**SUPPLIED INFORMATION:**
--- --- ---

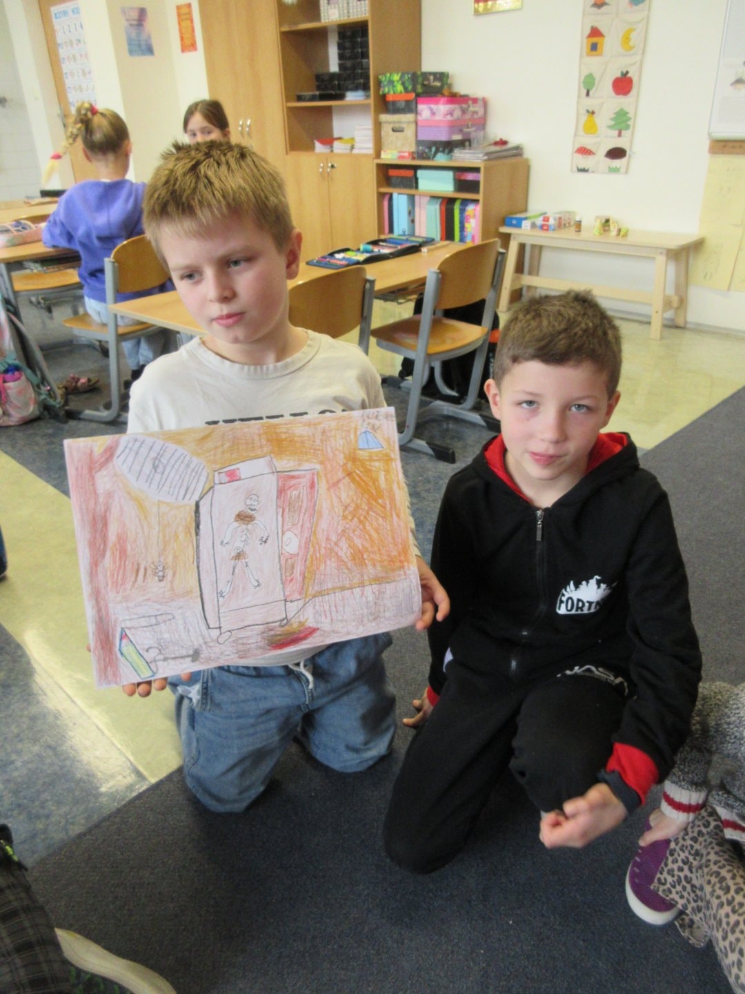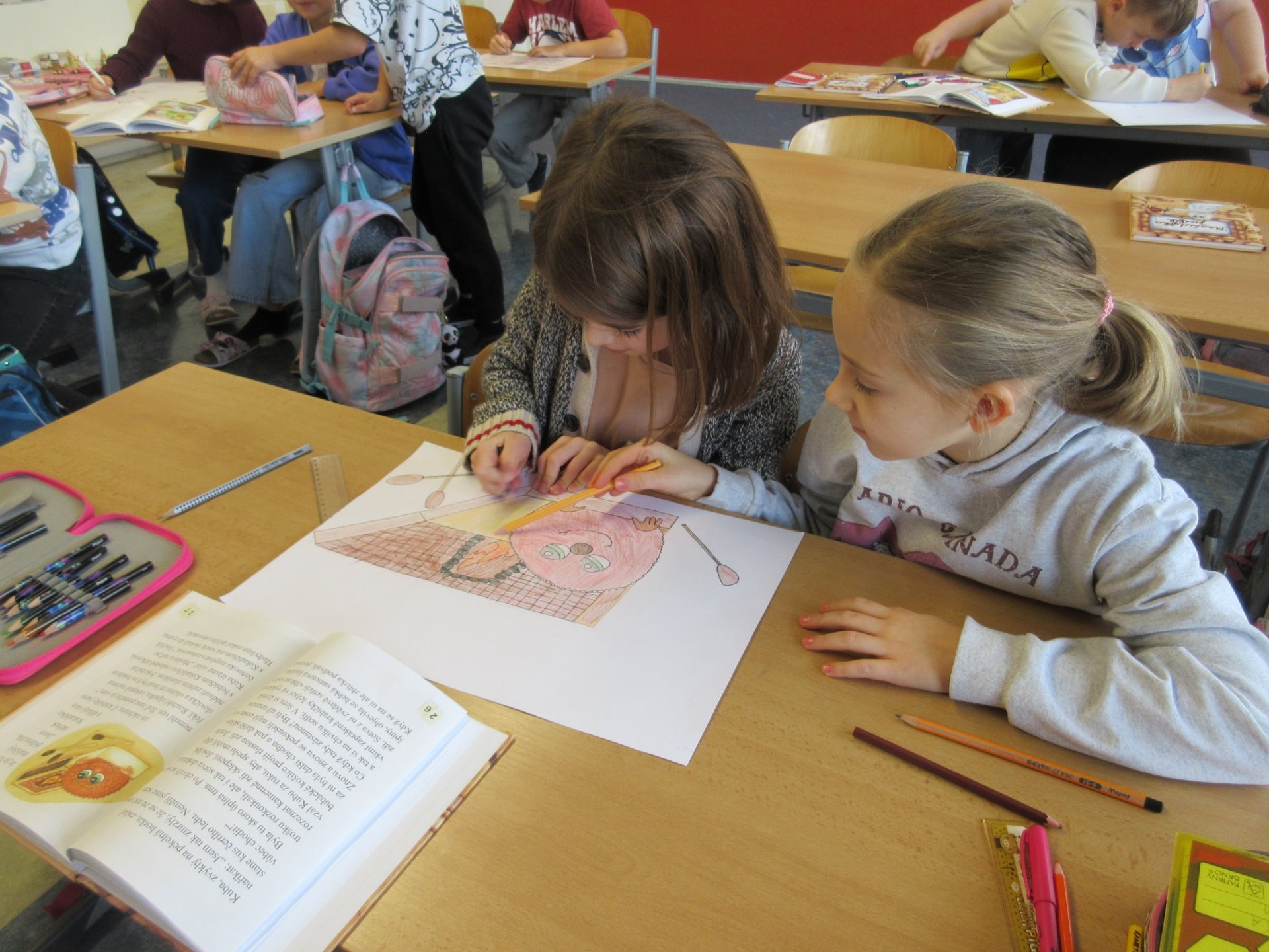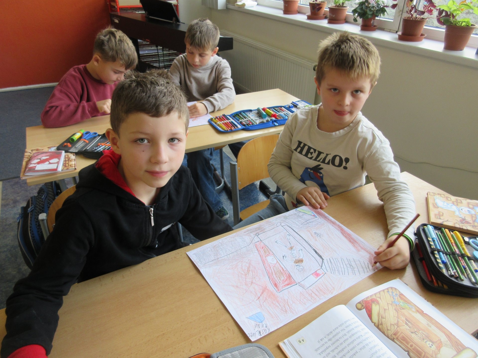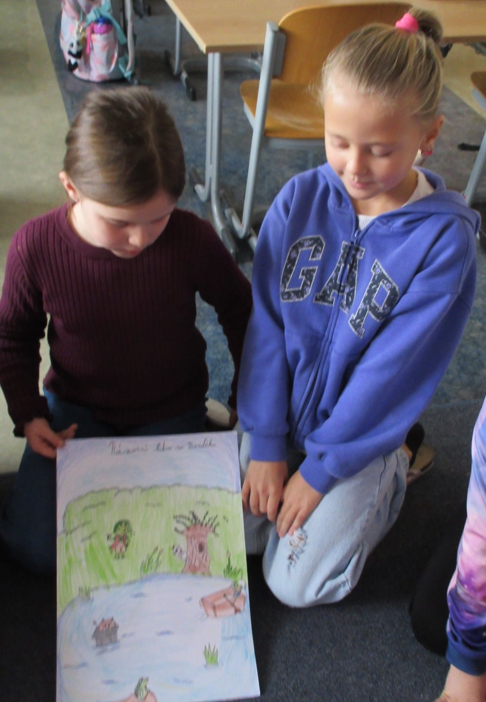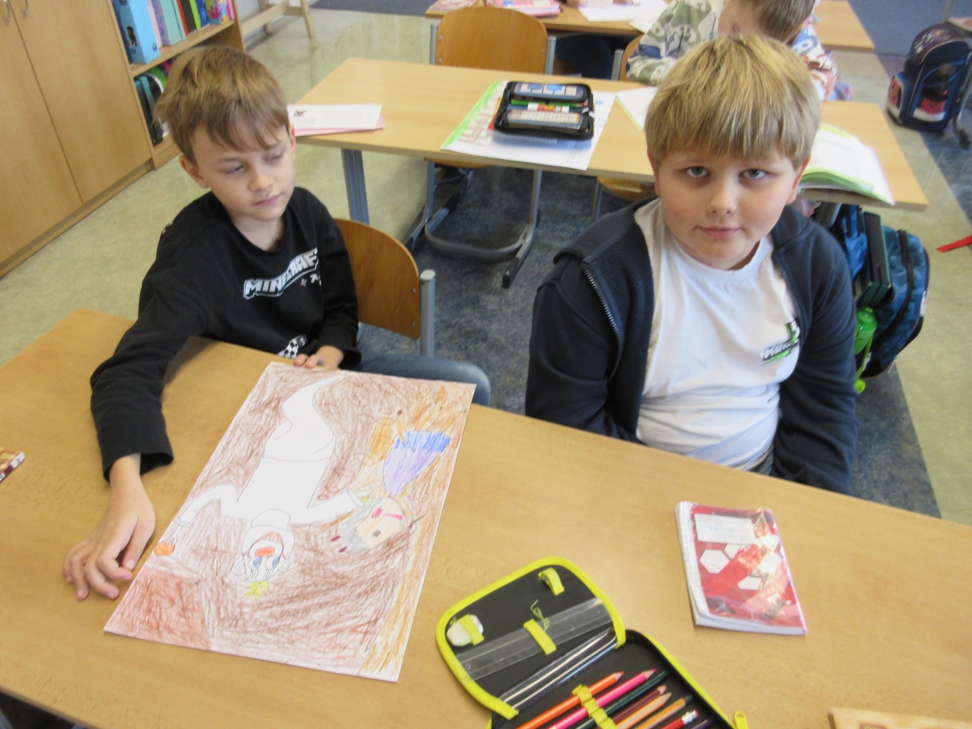 Ve čtenářské dílně jsme si po přečtení celé knihy povyprávěli o tom, co se nám líbilo, jaké poučení jsme si z četby vzali a pak ve dvojicích děti nakreslily obrázek k příběhu, který je nejvíce zaujal. Závěrem každý sám vyplnil zprávu o knize a zapsal úryvek, který jej nejvíce oslovil.
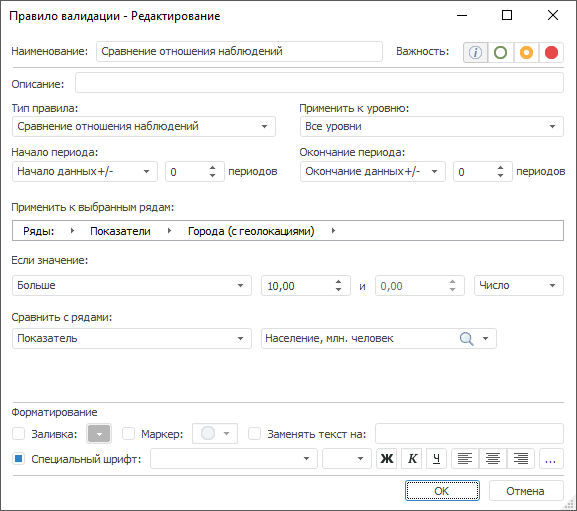Примечание. Правило валидации доступно, если источником данных является база данных временных рядов или стандартный куб с календарным измерением.
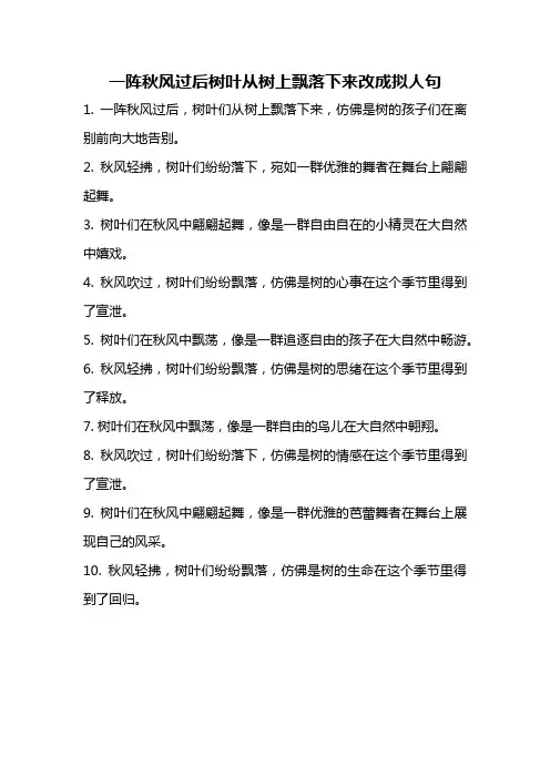 拟人句拟人句就是把某件东西比喻成有人的动作,而不是像童话形式。

--- --- ---

Without copying any picture, write out all of the material exactly as it reads.

 Ve čtenářské dílně jsme si po přečtení celé knihy povyprávěli o tom, co se nám líbilo, jaké poučení jsme si z četby vzali a pak ve dvojicích děti nakreslily obrázek k příběhu, který je nejvíce zaujal. Závěrem každý sám vyplnil zprávu o knize a zapsal úryvek, který jej nejvíce oslovil.
Примечание. Правило валидации доступно, если источником данных является база данных временных рядов или стандартный куб с календарным измерением.
 拟人句拟人句就是把某件东西比喻成有人的动作,而不是像童话形式。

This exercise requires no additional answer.